Stefnir hurried toward her, alight at the sight of her. He was impressive in the interplay of bright moonlight and shadow, flashing off his armor and defining his wealth of muscle. She wiped her sweaty palms on her tunic with a wavering smile she hoped was convincing in the darkness.

"You weren't at dinner," he said, quirking an eyebrow. "I was beginning to wonder where you'd gone."

He hugged her and she tensed, fingers curled and rigid above his shoulders. Her hands trembled and she settled for patting his back awkwardly, uncertain what feelings might be betrayed while holding him.

"I was out flying," she replied, wiggling out of his embrace without being too conspicuous. A tender hand on his chest was affectionate enough, but she withdrew it almost instantly. Her expression was placid though her insides squirmed.

"Where to?" he asked, rubbing her arms like he always did-which suddenly felt like a foreign and unwelcome contact. She wished he did not want to feel her skin. His hands were too large and assertive in a way she previously had not noticed.

"Just...around. I don't know. I wasn't paying attention." She was trying not to sound too perturbed.

touch repulsed her more than it should. For the first time, she had another caress to compare it with.

"You should tell me before you just up and leave like that," Stefnir told her with a small, exasperated smile much too similar to a parent's mild criticism.

"I didn't realize I needed an escort."

She was a dragon rider, damn it. She'd been pioneering dangerous stunts on her Nadder before Stefnir had even named his Monstrous Nightmare.

"As your future husband, don't you think I deserve to know these things?" He tugged at the end of her braid, childishly emphatic, as if she could not understand his meaning otherwise.

"Maybe if you believe I'm doing something duplicitous?"

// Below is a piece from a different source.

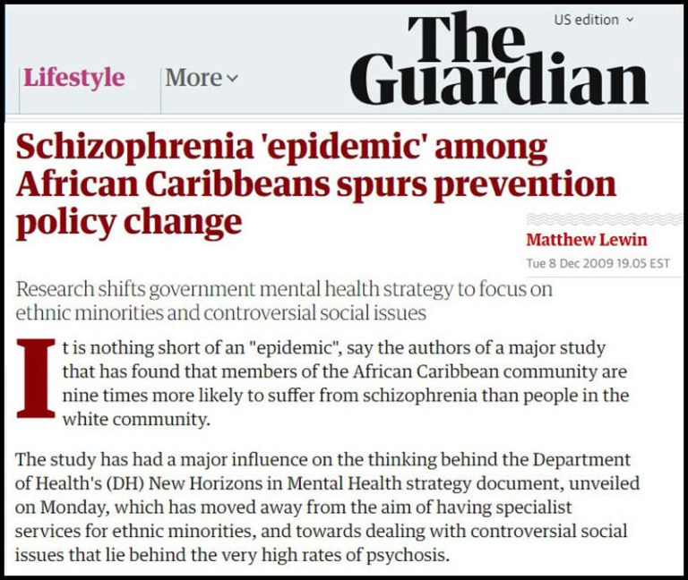 Σύμφωνα με αναφορά του Ινστιτούτου Ψυχιατρικής του Ηνωμένου Βασιλείου, οι άνθρωποι που είναι από «Αφρική-Καραϊβική» είναι «έξι φορές πιο πιθανό από ότι οι λευκοί να διαγνωσθούν ως σχιζοφρενείς». (Περιττό να πούμε ότι η έκθεση αυτή κατηγορήθηκε ότι φταίει ο «ρατσισμός των λευκών» για τα υψηλότερα ποσοστά σχιζοφρένειας των μαύρων).

Stefnir chuckled, gripping her waist and pulling her flush against him. She bristled everywhere their bodies met as he leaned in.

"I know you better than that," he whispered.

He kissed her and she screwed her eyes shut, lips tightly pursed beneath his. Her mouth felt besieged, tender and abused from earlier. She wanted to shove him away, no longer accepting those thicker, rougher lips.

His hand snaked beneath her braid to the nape of her neck, holding her where she stood, frozen in place by her family's inescapable commitment to his.

Sacrificing her own desires for reputation and honor was the Hofferson way.

As Stefnir held her, a dragon flew overhead, camouflaged against the black of night like only one species she knew of. And it was all she could do to keep from screaming.